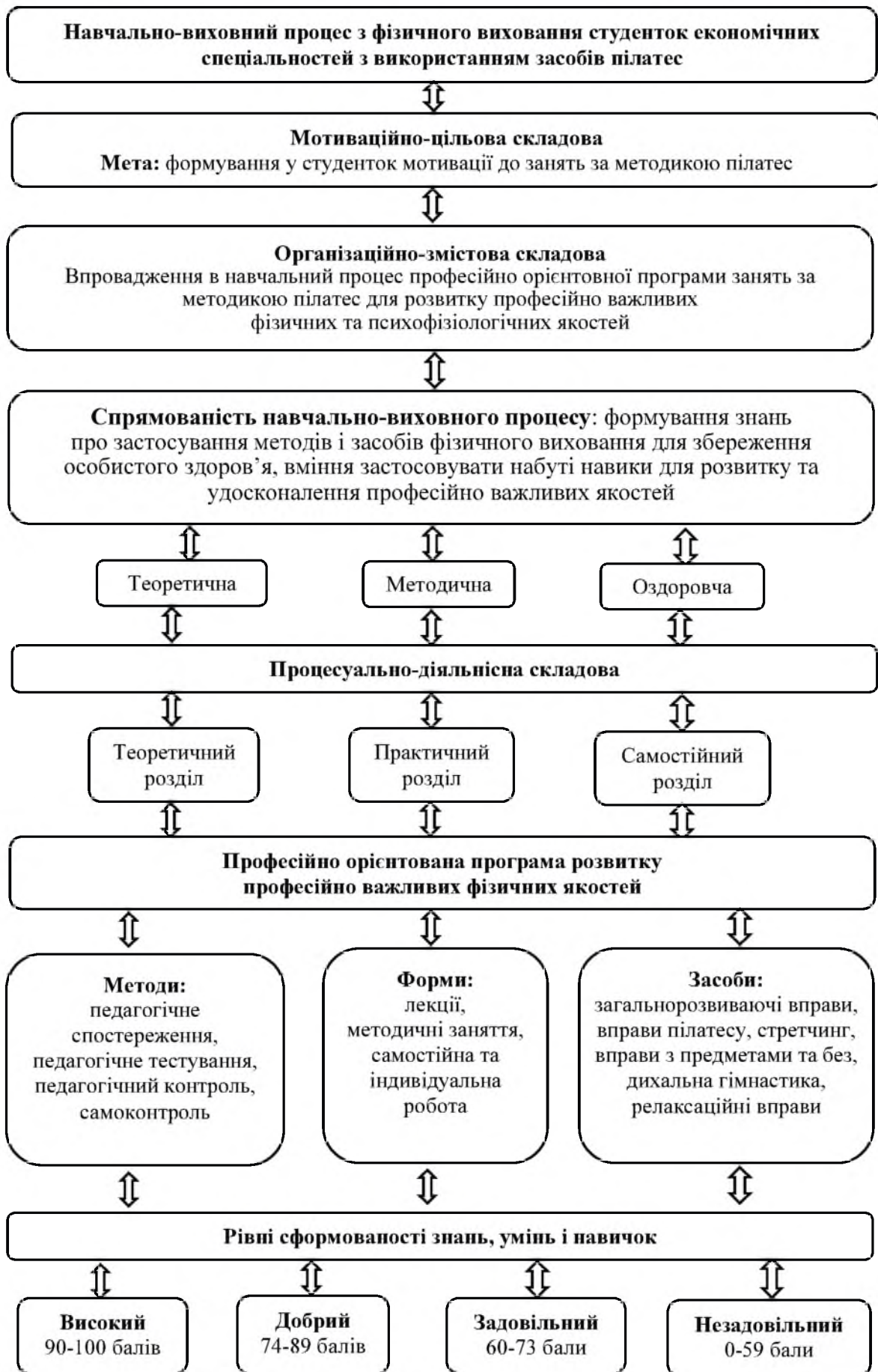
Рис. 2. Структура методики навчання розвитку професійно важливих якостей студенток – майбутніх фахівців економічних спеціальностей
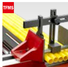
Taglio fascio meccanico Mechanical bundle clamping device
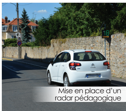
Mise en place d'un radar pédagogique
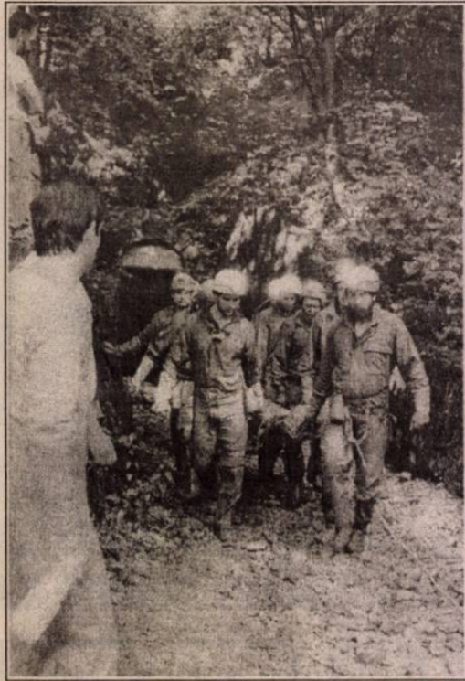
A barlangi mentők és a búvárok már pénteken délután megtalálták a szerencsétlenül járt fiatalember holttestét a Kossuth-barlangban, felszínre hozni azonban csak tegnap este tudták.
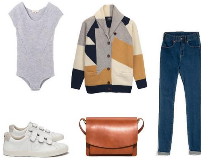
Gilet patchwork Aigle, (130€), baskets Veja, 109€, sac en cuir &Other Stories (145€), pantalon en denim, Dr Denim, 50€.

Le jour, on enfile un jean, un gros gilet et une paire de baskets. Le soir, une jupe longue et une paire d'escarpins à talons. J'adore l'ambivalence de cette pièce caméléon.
* * *
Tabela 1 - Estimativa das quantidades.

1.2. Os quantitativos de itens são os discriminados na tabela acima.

Work order - Take the lines above starting at the one containing "Рис. 2. Структура" and ending at the one containing "Le jour, on", and print them again exactly, without pictures.

Output -
Рис. 2. Структура методики навчання розвитку професійно важливих якостей студенток – майбутніх фахівців економічних спеціальностей
Taglio fascio meccanico Mechanical bundle clamping device
Mise en place d'un radar pédagogique
A barlangi mentők és a búvárok már pénteken délután megtalálták a szerencsétlenül járt fiatalember holttestét a Kossuth-barlangban, felszínre hozni azonban csak tegnap este tudták.
Gilet patchwork Aigle, (130€), baskets Veja, 109€, sac en cuir &Other Stories (145€), pantalon en denim, Dr Denim, 50€.

Le jour, on enfile un jean, un gros gilet et une paire de baskets. Le soir, une jupe longue et une paire d'escarpins à talons. J'adore l'ambivalence de cette pièce caméléon.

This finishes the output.